When using green cleaning products, keep in mind that they take time to work. For best results, allow the products to remain on the surfaces being cleaned for several minutes before washing or wiping them away.
Gentle green cleaning is considered to be such an important component of sustainable building maintenance that the U.S. Green Building Council has been incorporating green cleaning standards into its LEED (Leadership in Energy and Environmental Design) sustainability ratings system since 2003. With its accredited, thorough green cleaning program, LEED supplies a framework for inhabitants of historic buildings to clean sustainably and sensitively.

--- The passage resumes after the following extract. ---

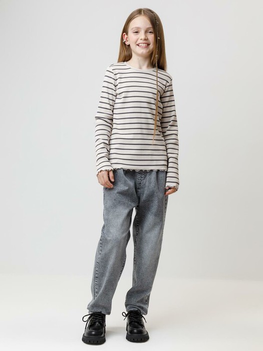 — Crockid лонгслив (футболка дл.рукав) для дев КР 302820/молочный,тем.серый,полоск
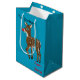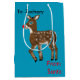 Festive De Père Noël Nom Personnalisé. Le personnage de dessin animé de Festive Super Snow the Blue-Eyed Reindeer bouton buck avec son nez rouge avec des bouts de bleu, et des taches blanches sur son manteau brun. Il est Père Noël le plus jeune bouton buck espérant rejoindre son traîneau un jour ! Design original © 2016 TamiraZDesigns.

Many of the LEED green cleaning metrics provide benefits that are not only environmentally friendly, but also mild on historic building fabric. GreenEfficient, a green building facilities management company that specializes in creating and implementing green cleaning programs for LEED-accredited buildings across the country, includes the following in each of its green cleaning programs:
  • Shoe mats to trap outside dirt at the door. The use of mats can greatly decrease the amount of dirt and materials that, when repeatedly tracked over historic flooring, can cause significant wear and tear.
  • Microfiber dusting cloths and flat mops to capture dirt more efficiently. Regular dusting with soft cloths prevents the build up of dirt and particles that can accumulate and eventually destroy historic fabric while also limiting the use of moist cleaning agents that can encourage mold growth when used excessively.
  • Frequent vacuuming of carpets, which harbor mold. Mold is one of the most common enemies of historic buildings because it grows easily and quickly, irrevocably damaging historic fabric if left untreated.
Simple cleaning methods are not limited to solutions of vinegar and water; reusable products and personal habits can help in the environmentally sustainable cleaning of historic buildings. Prevent further dirt accumulation on your floors by removing your shoes while in the house. In addition to the microfiber dusting cloths, shred clean cotton shirts to use as dry rags. Decrease mold-breeding moisture by opening windows to ventilate a humid room.
In addition to the benefits of non-chemical cleaning on historic fabric, green cleaning reduces the amount of harmful toxins that endanger both people and the planet. Chemical cleaning solution ingredients such as chlorine, phosphates, ammonia, bleach, and added fragrances are hazardous, and for good reasons – according to the EPA, some induce headaches, dizziness, and visual disorders, while others trigger asthmatic and allergic reactions. Some chemicals, such as the formaldehyde often found in disinfectants, may even be carcinogenic.
Even more, chemical cleaning agents are devastating to the environment. Chemical cleaners washed down the drain or flushed down the toilet eventually end up in the soil or ground water, and from there work their way into the plants, animals and fish that we eat.
These inexpensive cleaning methods allow the “gentlest means possible” for the maintenance of historic buildings, while also decreasing the negative environmental effects of many modern chemical cleaners. To make the switch from conventional to green cleaning products, use up what conventional products remain and gradually replace them with green ones. Should you decide to replace all of your conventional cleaning products at once, dispose of them responsibly by contacting local recycling centers to determine the best method for the disposal of toxic cleaning agents. Then, mix up the homemade, all-purpose green cleaner, and start enjoying the benefits of toxic-free, green cleaning – you and your home will be all the better for it.